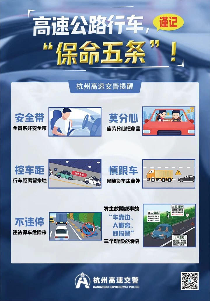 请司机朋友提前规划路线,尽量错峰错时,推荐打开高德导航系统,使用“杭州高速安全精灵”安全提醒功能。
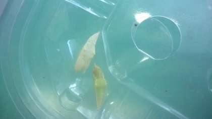 1匹目のさなぎの抜け殻の近くに2匹目のさなぎができて成虫になる準備をしています。今朝、その色がだんだんと変わってきていました。補習の時間帯に、成虫になってくれるのか楽しみです。
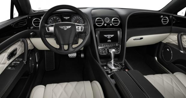 So với Flying Spur W12, bản V8 khác biệt ở cản trước, ống xả kép tạo hình số 8, logo chữ B được đặt trên nền đỏ là điểm dễ dàng nhận ra nhất. Flying Spur V8 được trang bị màn hình cảm ứng ở trung tâm bảng điều khiển, phía trên là cửa gió điều hòa và đồng hồ analog. Nội thất bọc da cao cấp, một số chi tiết ốp gỗ sang trọng, vô-lăng 4 chấu thể thao tích hợp nhiều phím chức năng.
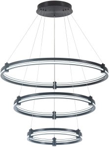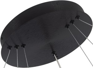 Люстра подвесная из коллекции Tooring имеет арматуру из сплава алюминия, обработанную по технологии брашинг, и анодированную в черный цвет. Светодиодные источники света закрыты белым матовым акрилом. Все модели коллекции Tooring комплектуются пультом дистанционного управления 2,4G и драйвером высокого качества с европейским стандартом T?V. Пульт дистанционного управления обеспечивает переключение трех режимов световой температуры и диммирование.
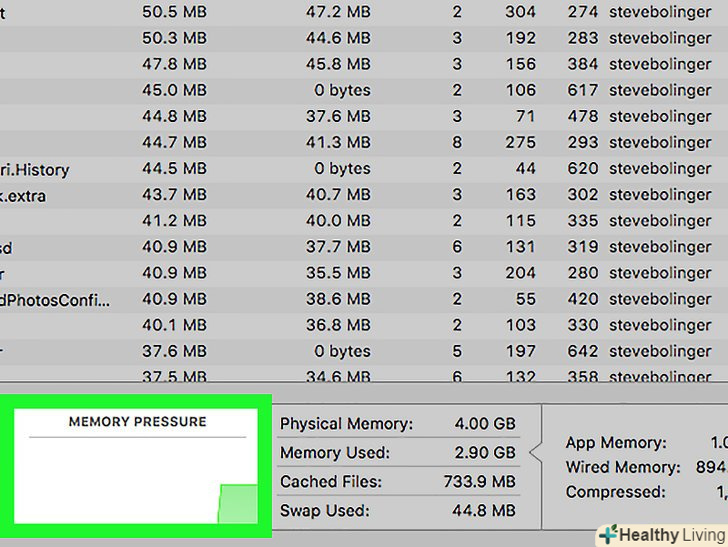 - Якщо графік навантаження горить червоним, то пам'ять використовується на межі. Закрийте одне або кілька додатків. Можливо, Вам варто додати в Mac більше оперативної пам'яті.
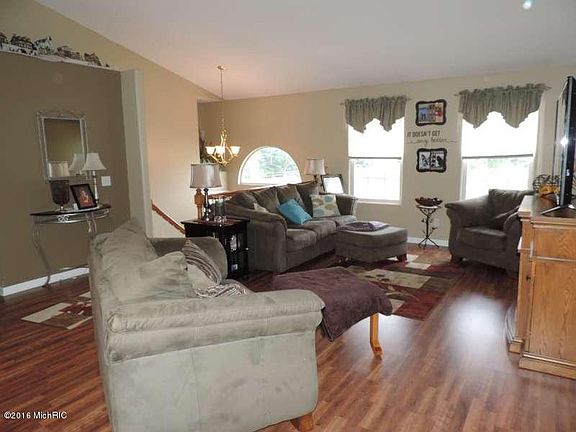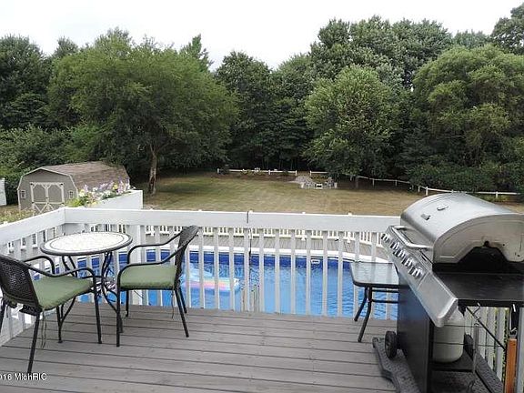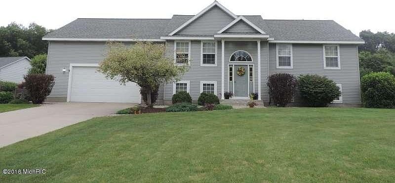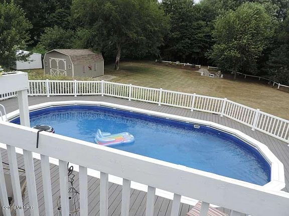 Beautiful 4 bedroom, 3 bath home in Fruitport School District. Nice open floor plan with cathedral ceilings, open kitchen/ living room area with sliders leading to the outdoor deck and kitchen island perfect for entertaining. Spacious master bedroom and bath, central air, main floor laundry and more! The finished lower level features daylight windows, awesome dry bar, large family/ re room area, 4th bedroom and bath. Outdoors you'll love the above ground pool, huge back yard and 14 x 20 storage shed. This home is a must see! Call today for your personal showing! Buyer to verify all information.

——

Directions for this task> Your answer must be an exact copy of the entries above, with no pictures in it.

Output of the exercise>
 请司机朋友提前规划路线,尽量错峰错时,推荐打开高德导航系统,使用“杭州高速安全精灵”安全提醒功能。
 1匹目のさなぎの抜け殻の近くに2匹目のさなぎができて成虫になる準備をしています。今朝、その色がだんだんと変わってきていました。補習の時間帯に、成虫になってくれるのか楽しみです。
 So với Flying Spur W12, bản V8 khác biệt ở cản trước, ống xả kép tạo hình số 8, logo chữ B được đặt trên nền đỏ là điểm dễ dàng nhận ra nhất. Flying Spur V8 được trang bị màn hình cảm ứng ở trung tâm bảng điều khiển, phía trên là cửa gió điều hòa và đồng hồ analog. Nội thất bọc da cao cấp, một số chi tiết ốp gỗ sang trọng, vô-lăng 4 chấu thể thao tích hợp nhiều phím chức năng.
 Люстра подвесная из коллекции Tooring имеет арматуру из сплава алюминия, обработанную по технологии брашинг, и анодированную в черный цвет. Светодиодные источники света закрыты белым матовым акрилом. Все модели коллекции Tooring комплектуются пультом дистанционного управления 2,4G и драйвером высокого качества с европейским стандартом T?V. Пульт дистанционного управления обеспечивает переключение трех режимов световой температуры и диммирование.
 - Якщо графік навантаження горить червоним, то пам'ять використовується на межі. Закрийте одне або кілька додатків. Можливо, Вам варто додати в Mac більше оперативної пам'яті.
 Beautiful 4 bedroom, 3 bath home in Fruitport School District. Nice open floor plan with cathedral ceilings, open kitchen/ living room area with sliders leading to the outdoor deck and kitchen island perfect for entertaining. Spacious master bedroom and bath, central air, main floor laundry and more! The finished lower level features daylight windows, awesome dry bar, large family/ re room area, 4th bedroom and bath. Outdoors you'll love the above ground pool, huge back yard and 14 x 20 storage shed. This home is a must see! Call today for your personal showing! Buyer to verify all information.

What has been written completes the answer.